Since the Palestinians have been roundly and, in Sharon’s view, permanently defeated, there is no longer any need to give even lip-service to the limited independence envisioned for the Palestinians in the Oslo “peace process.” The ongoing incursions begun in late March have destroyed Oslo once and for all a key goal of Sharon and his predecessor/successor Netanyahu. We have returned to the notion of “autonomy” formulated by Sharon’s mentor Menachem Begin, and for which the Civil Administration was established in 1981 and for which the war in Lebanon was fought in 1982. The Palestinians’ choice, to put it starkly but precisely, is between incarceration and transfer.

Sharon’s grand scheme (until such a time that transfer is made possible, i.e. when a Palestinian state emerges in Jordan) is today emerging “on the ground” as follows:

The West Bank will be divided into three or four separate cantons according to settlement blocs and Israeli highways already in place. A northern canton would be created around the city of Nablus, a central one around Ramallah and a southern one in the area of Hebron, with a possible separation of Qalkilya and Tul Karm from the rest. Each would be disconnected from the other and connected independently to Israel. A road or two might connect the different cantons, but checkpoints and cargo docks would ensure completely Israeli control. Each canton would be granted local autonomy under the supervision of the Civil Authority.

Since the international community would demand a sop (no more) to Palestinian self-determination, Gaza will become the Palestinian state, probably when Arafat leaves the scene and a more compliant leader can be found to sign off on such an arrangement.

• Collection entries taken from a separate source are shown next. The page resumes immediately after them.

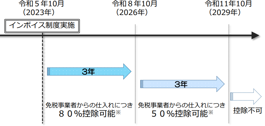 インボイス制度の開始にともなって設けられた経過措置の1つに「適格請求書発行事業者以外からの仕入でも消費税相当額の一部を仕入税額控除にできる」制度があります。控除できる割合と期間は、次の通りです。
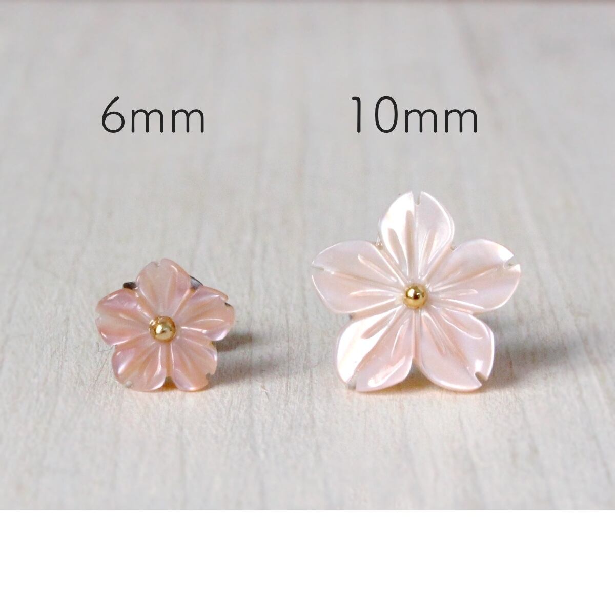 天然の薄紅色が美しい、シェルの桜がお耳を飾るピアスです。
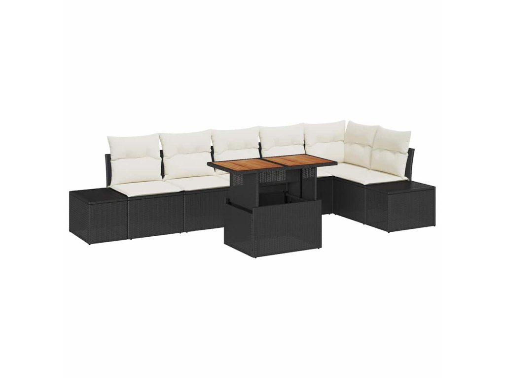 Zahradní jídelní souprava s polštářem 7 pcs Černá a krémová 3349970
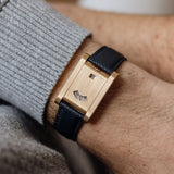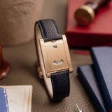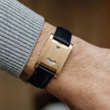 This Tank à Guichets is more in line with conventional sizes for classic Tanks. However, its wrist presence is still commanding, with chunky brancards and its lack of a conventional dial. On the wrist, it's quite possibly the most understated watch one could wear. Even to the untrained eye with its lack of Cartier branding, unusual crown placement and double aperture configuration, it's evident that there’s more of a story to this watch than meets the eye. It's a triumph in elegance and embodies the philosophy of tradition and unassuming sophistication.

If Israel was hard-pressed to concede more, it could upgrade the status of the Palestinians in the West Bank from “residents of autonomous cantons” to Palestinian “citizens without endangering its control.

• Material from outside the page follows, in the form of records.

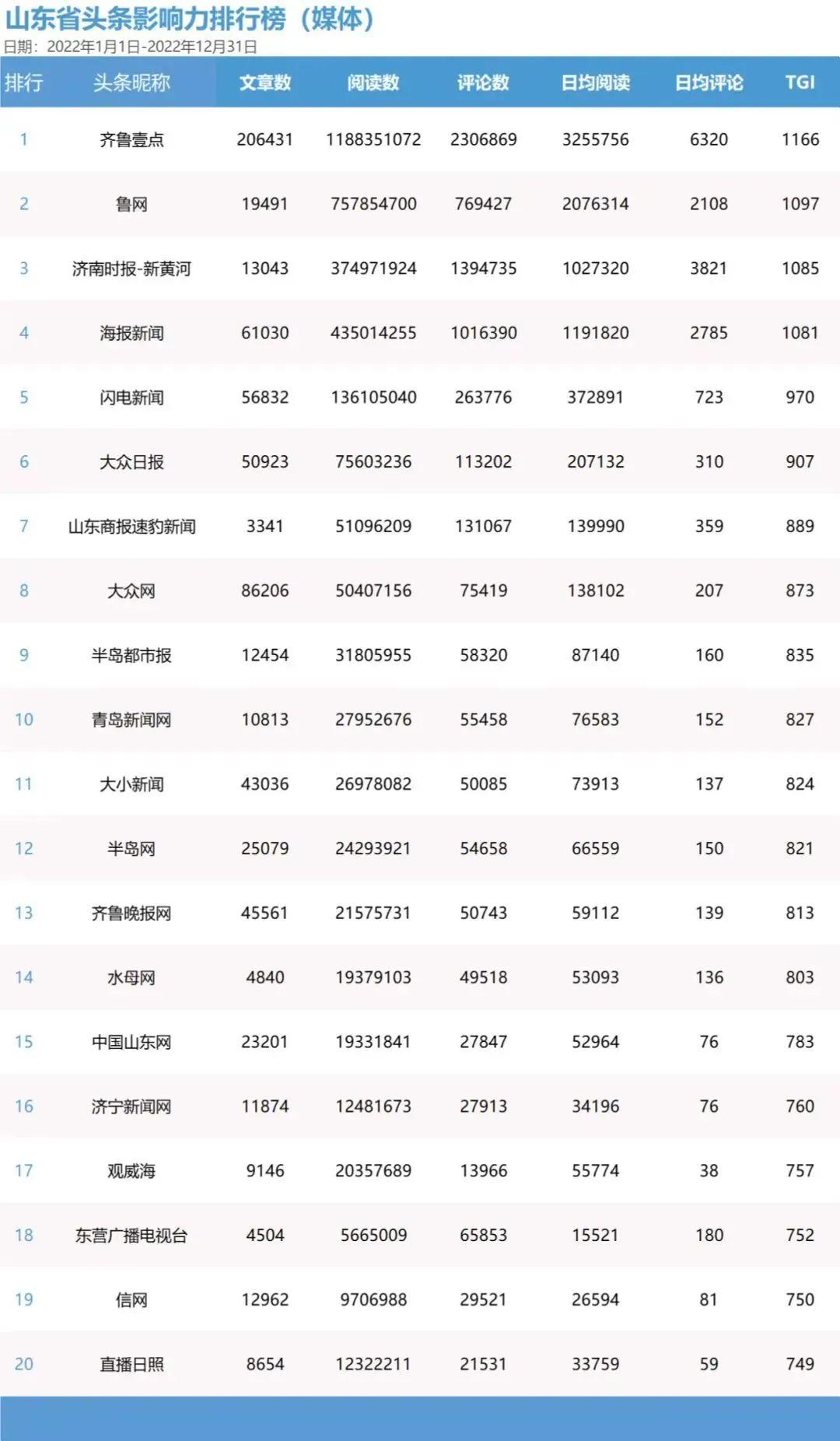 据了解,该榜单根据2022年1月1日至12月31日期间,太阳集团tcy8722山东省媒体账号在今日头条平台上的发文数据和传播数据,综合头条号传播指数(TGI)公式统计分析传播影响力,并以此为依据得出该平台最具传播影响力的TOP20账号。
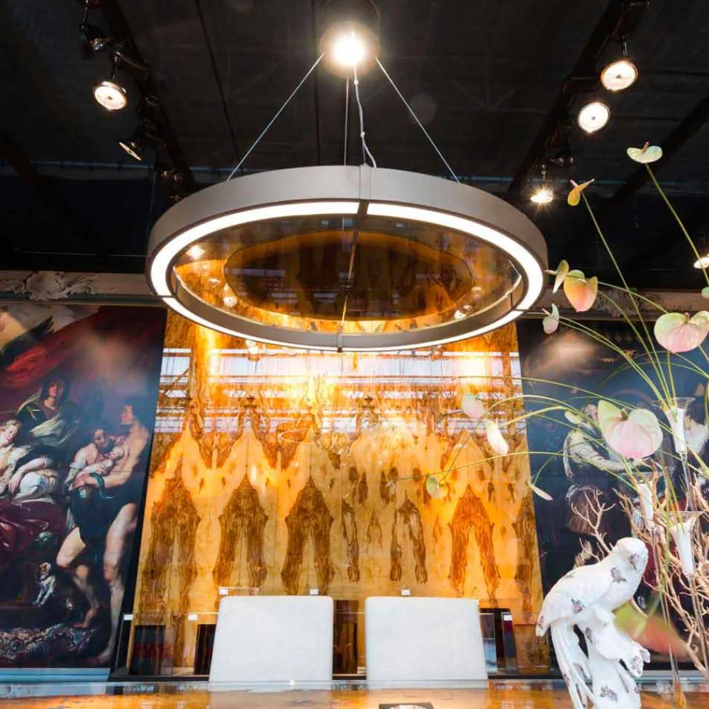 Moderner Kronleuchter mit bronzefarbener Stahlstruktur mit kreisförmiger Form, in der sich eine gekoppelte Glasplatte mit einem Einsatz aus Canaletto-Walnussholz befindet . Hergestellt in Italien durch die Verwendung hochwertiger Rohstoffe , bietet diese Ergänzung eine originelle und faszinierende Idee der Beleuchtung, die Eleganz und Zeitgenossenschaft verkörpert. Seine Besonderheit ist die wunderbare Kombination ausgewählter Farben und Oberflächen, die ein wahres Kunstwerk zum Leben erwecken, das dank der Begegnung zwischen der Modernität von Metall, der zeitlosen Eleganz des Glases und den wunderbaren Farben des jeden Bereich des Hauses revolutionieren kann Holz und seine Maserung. Die Form und die Abmessungen, die ihre Ästhetik unterstreichen, machen sie zu einer perfekten Lösung, um große Räume wie Esszimmer oder Wohnzimmer zu beleuchten, wo sie die Möbel mit einer raffinierten und innovativen Note vervollständigt und gleichzeitig eine herrliche warme und einladende Atmosphäre schafft.
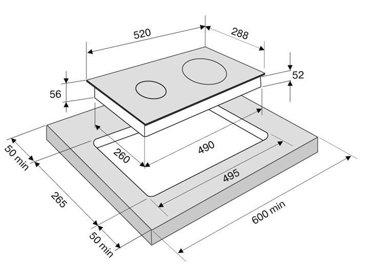 i Характер огранки фаски на внешней стороне варочной панели. Металлические рамки предотвращают забивание монтажных швов крошками и пылью.

Does Israel really believe this scenario is possible, that the Palestinians will submit to a truncated set of autonomous islands instead of a viable and truly sovereign state? The answer is “yes.” Given the state of international response for the foreseeable future, Israel sees little effective opposition to this arrangement provided that it can maintain a kind of “industrial quiet” that will allow the US, Europe and the Arab states to get on with their particular agendas. Besides some discordant noises coming from NGOs and some churches (as well as the Muslim community abroad, whose influence has been largely neutralized since 9-11), the international community has proven extremely compliant. Incarceration, and eventually transfer, seems eminently plausible to Sharon and his colleagues. Despite protestations by Sharon, the May 12th vote by acclamation of the Likud Central Committee against the establishment of any Palestinian state flowed logically and smoothly from “Operation Defensive Shield.”